Take the entries below and reproduce exactly the portion that begins at the line containing "Set 3 Piezas" and ends at the line containing "碗,六瓣葵花形口,深壁,矮圈", keeping both ends, dropping pictures, and adding nothing else.

------ DATA PROVIDED ------

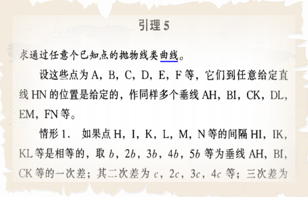 但是此书还有一个对微积分影响深远的发现,大家却未必知晓。在《原理》第三篇的引理五“求通过任意个点的抛物线类曲线”中,Newton以几何的形式给出、并简单证明了这个发现——“牛顿插值公式”(Newton interpolation formula)。
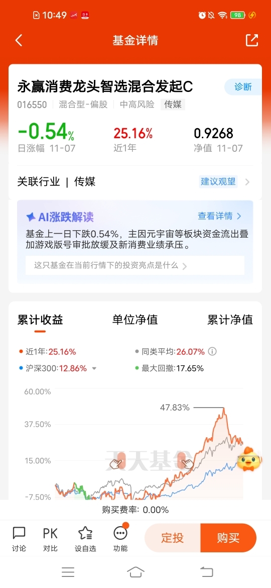$永赢消费龙头智选混合发起C$ 趁着市场调整后,布局更有动力,近六个月涨幅31.18%,近一年涨幅25.16%,行业估值处于历史低位。聚焦游戏方向,游戏板块投资的优质工具,凭借其主动选股策略所具备的灵活特性,基金经理通过精选高景气细分赛道,中长期更值得期待。#4000点 到底要不要止盈?#
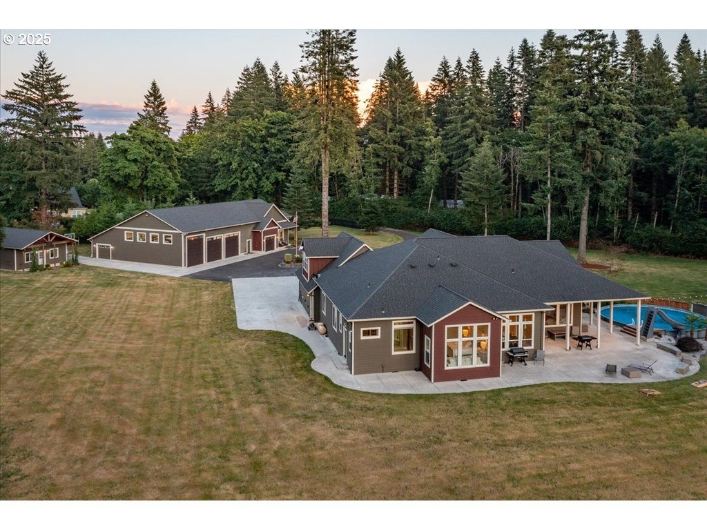 Custom & Timeless on Five Private Acres with the Best Mancave in all of Clark County! Modern, Great room layout with 12' ceilings everywhere. Entertainer's Dream Kitchen showcasing huge Island "Socializing" bar + sleek Dining Room. Two Primary suites on opposite ends of the house, plus Two Additional Bedrooms + Office and a Den! Loft Upstairs is a hip Theater room with all the gear and a built-in bed too. Expansive Patio & Pool with a Sleek Slide and a firepit space situated on a private parklike setting. Upgraded Geothermal heat + AC. The shop has a full-on one-level Apartment, with its own garage and entrance. Same Great room style as the house with 12' ceilings, its own laundry and a spiral staircase leading to the loft. Shop is fun! There's a lofted fantasy Gameroom, 3 big screens connected to sound system and a cool hangout room. Just imagine the parties at your place! Everything top-of-the line construction. So much pavement! Total Dwelling Sq Ft = 10,498. A Masculine, Self-contained property for an incredible lifestyle. About five minutes to the High School and 30 minutes to PDX but not another home in sight.
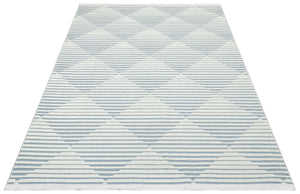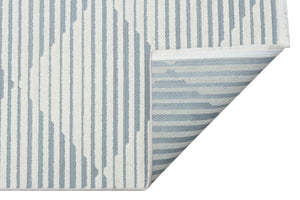 The Jazz Blue JAZ08 rug by Concept Looms adds structure without heaviness. Its softly faded blocks of sky blue, beige and stone grey form a pattern that feels architectural yet relaxed — ideal for creating defined zones in open or outdoor spaces.
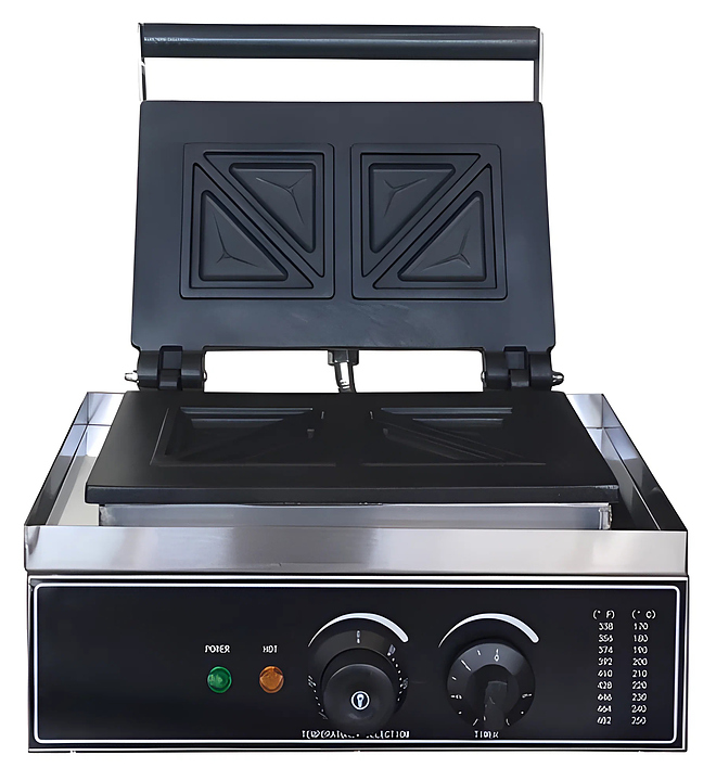Вафельница Hurakan HKN-GES14 SANDWICH используется на предприятиях общественного питания и торговли для приготовления вафель в форме треугольного сэндвича. Модель оснащена регулируемым термостатом. Корпус выполнен из нержавеющей стали, рабочая поверхность — из чугуна с антипригарным покрытием.
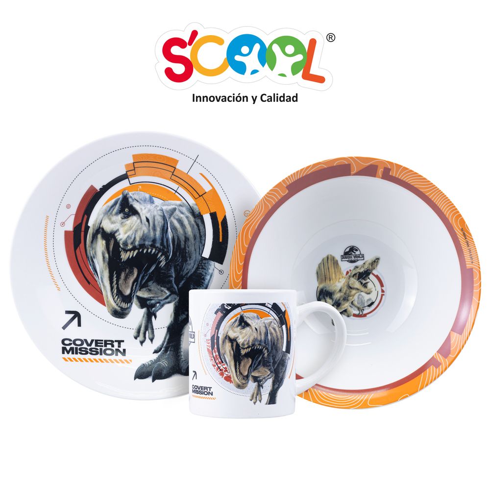 Set 3 Piezas Cerámica Plato + Bowl + Taza Jurassic
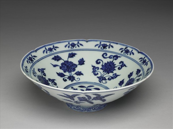 碗,六瓣葵花形口,深壁,矮圈足。碗內口沿下兩道弦紋間畫各種花卉十二朵,內壁畫四季花卉六枝,底心三圈弦紋內畫桃實一枝。外壁口沿下弦紋兩道,器身畫折枝花、果分上下二層各六枝。足壁上下圈畫弦紋兩道,內飾勾雲紋一週。器外底青花雙圈書「大明宣德年製」兩行楷款。
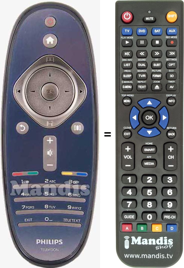 Below, we will show you the correspondence between each button on the original remote control and the button that performs the same function on the replacement remote control. In some cases, you may need to press the SHIFT key before pressing another button to perform certain actions. These additional functions are often not widely used and are included to facilitate understanding of the replacement remote control, or because the original remote control has more buttons than its equivalent.
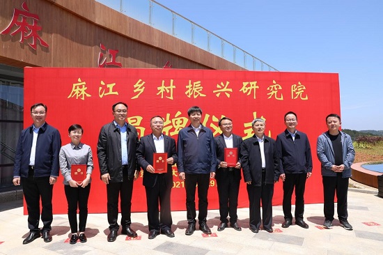 陈利根、宋宝安、王镇义、杨兴涛为麻江乡村振兴研究院揭牌。
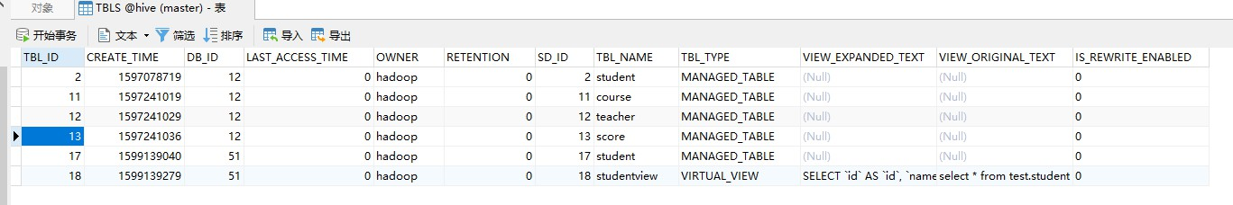 元数据表字段 说明 示例数据 TBL_ID 数据表ID 18 CREATE_TIME 创建时间 1599139279 DB_ID 数据库ID 51 LAST_ACCESS_TIME 上次访问时间 0 OWNER 所有者 hadoop RETENTION 保留字段 0 SD_ID 序列化配置信息 18 TBL_NAME 表名 studentview TBL_TYPE 表类型 VIRTUAL_VIEW VIEW_EXPANDED_TEXT 视图的详细HQL语句 SELECT `id` AS `id`, `name` AS `name`, `sex` AS `sex` FROM (select `student`.`id`, `student`.`name`, `student`.`sex` from `test`.`student`) `test.studentView` VIEW_ORIGINAL_TEXT 视图的原始HQL语句 select * from test.student IS_REWRITE_ENABLED 0 -
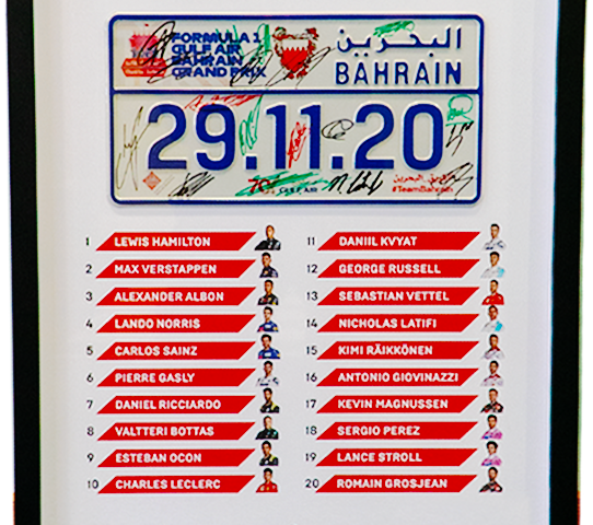 وسيتمكن من قام بشراء تذاكر سباق جائزة البحرين الكبرى من الدخول في سحب وفرصة الفوز بلوحة أرقام مميزة تجمع 20 توقيع من تواقيع سائقي الفورمولا وان لسباق جائزة البحرين الكبرى لطيران الخليج لموسم 2020، وسيتمكن جميع من قاموا بشراء تذاكرهم بدخول السحب تلقائيا وذلك حتى يوم الجمعة الموافق 26 مارس الجاري عند الساعة 12 مساء، وسيتم اختيار الفائز عشوائيا.
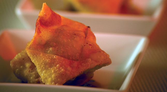 يُسخن الزيت حتى تصل درجة حرارته إلى 180 مئوية. تُحضر الوونتون بينما يسخن الزيت. تُفرد لفافة من الوونتون على سطح الطاولة، وتوضع ملعقة صغيرة واحدة من الحشو في المنتصف، ثم تُطوى الوونتون لتأخذ شكل القبعة، مع دهان الأطراف بالماء لإحكام الإغلاق.
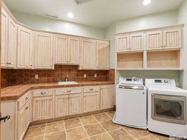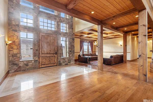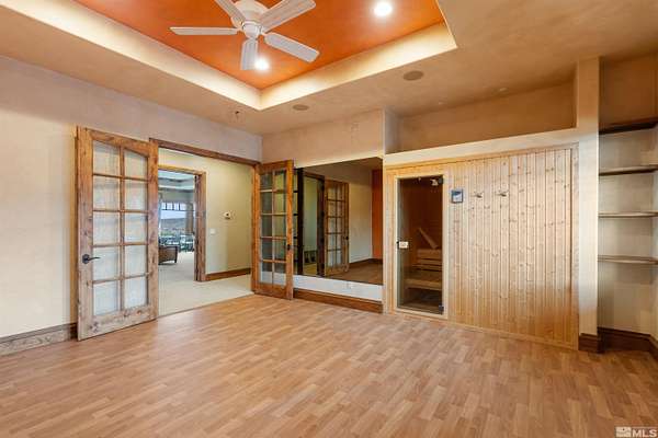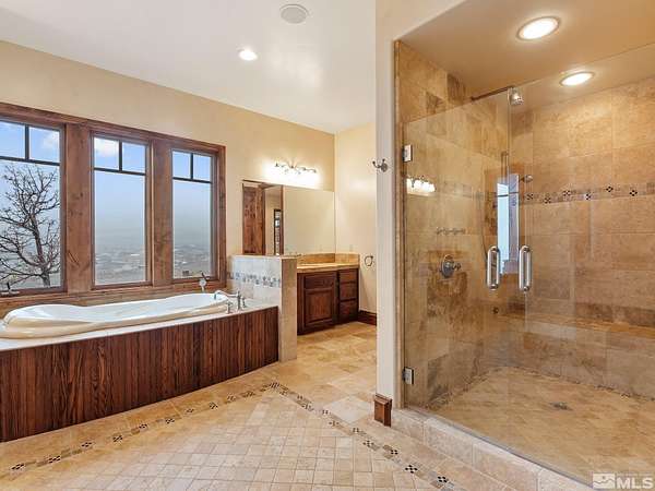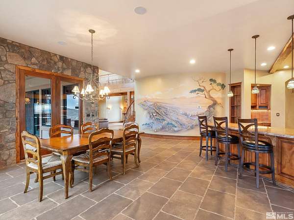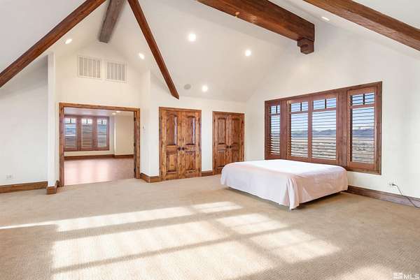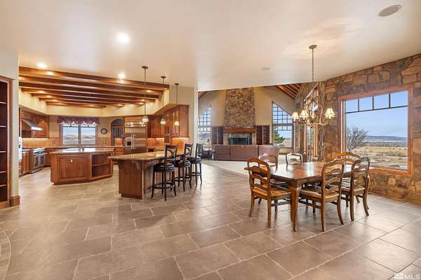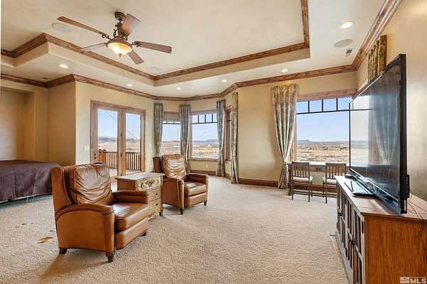 Discover Elegance on the Hillside: A Luxurious Sanctuary in Fernley Step into a world of refined luxury with this exquisite hillside estate, commanding breathtaking views of Fernley to the east and expansive open land to the west. Designed with an eye for detail and an emphasis on quality, this property features spacious bedrooms alongside dedicated rooms for meetings, sewing, office, entertaining and fitness, complete with a sauna, ensuring every aspect of your home life is catered to. Entertain in style in the stunning kitchen equipped with all the modern luxuries you can imagine, including granite slab countertops, a commercial-quality gas Thermador range with pot filler, dual dishwashers, trash compactor, and a center island, all set against the backdrop of gorgeous alder cabinetry. The expansive great room dazzles with its massive fireplace, wood-beamed ceilings, and an elegant wet bar, complemented by a formal living room and dining room. Experience ultimate comfort in the master suite, which features a large walk-in closet/dressing room with a separate shoe/hat closet, and an en-suite bathroom with a walk-in marble shower, deep tub, and dual vanities. Start your mornings in the suite's morning room, perfect for enjoying coffee and pastries without ever leaving the comfort of your bedroom. The large first-floor office provides an ideal space to run a private home business, equipped with custom-built desks, cabinets, a full bath, and a walk-in bank-quality vault room, which can also serve as a second master bedroom. This home has Starlink internet and Wi-Fi capable thermostats. No detail has been overlooked in crafting this 18+ acre estate, from the exquisite finish work to the integrated home system complete with an alarm. The property is fully fenced with tan vinyl, and utilities are pre-stubbed below the hill for potential barn or workshop additions. With a sprawling 5-car garage totaling 2252 sq. ft. and a location just minutes from town, this home is not just a residence but a statement of lifestyle. Perfect for horse owners and those seeking a private, luxurious living experience. Buyer & Buyers Agent to verify all information.
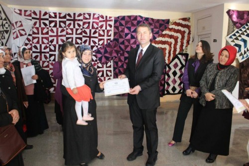 Sergi açılışından sonra Geleneksel Türk El Sanatları içerisinde önemli bir yer tutan ve gelecek nesillere aktarılması için düzenlenen kursu başarı ile tamamlayan kursiyerlere sertifikaları verildi.
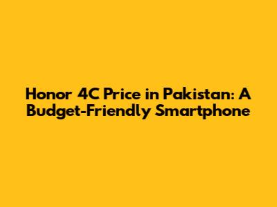 Honor 4C Price In Pakistan: Budget-Friendly Smartphone
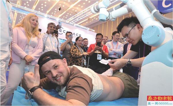会做手术的机器人,你见过吗?在现场,来自广东深圳元化智能展示的骨科手术机器人,吸引了大量医疗领域的采购商垂询。董事长孟李艾俐介绍道,这款全骨科手术机器人叫“锟铻”,可进行多适应症的全关节骨科手术。
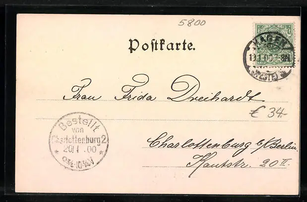 alte Ansichtskarte, gelaufen 1900, Eckknick unten re., guter Zustand
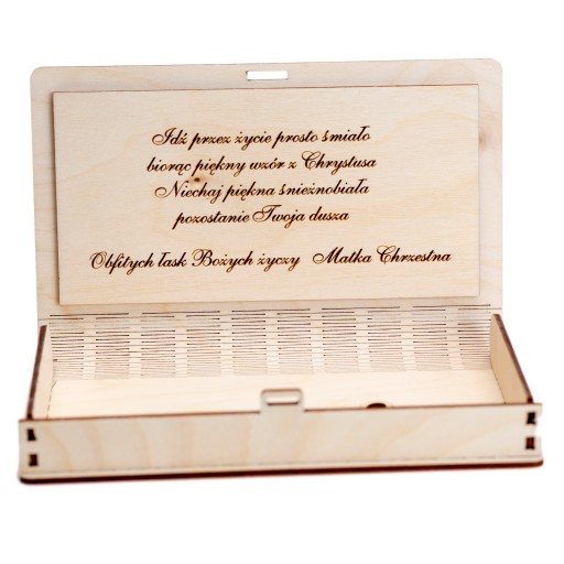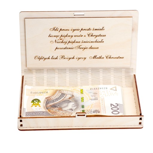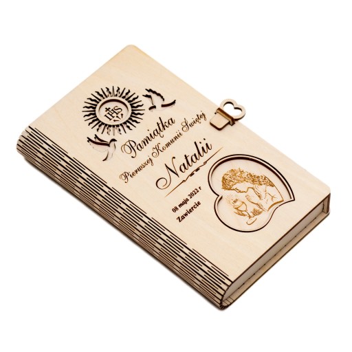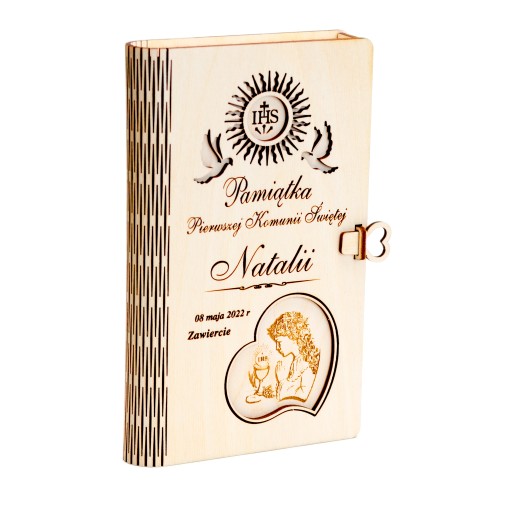 Pudełeczko z indywidualnym grawerem na pieniądze w formie książki jako prezent na Pierwszą Komunię św

------

> **TASK SOLUTION**:
 Set 3 Piezas Cerámica Plato + Bowl + Taza Jurassic
 碗,六瓣葵花形口,深壁,矮圈足。碗內口沿下兩道弦紋間畫各種花卉十二朵,內壁畫四季花卉六枝,底心三圈弦紋內畫桃實一枝。外壁口沿下弦紋兩道,器身畫折枝花、果分上下二層各六枝。足壁上下圈畫弦紋兩道,內飾勾雲紋一週。器外底青花雙圈書「大明宣德年製」兩行楷款。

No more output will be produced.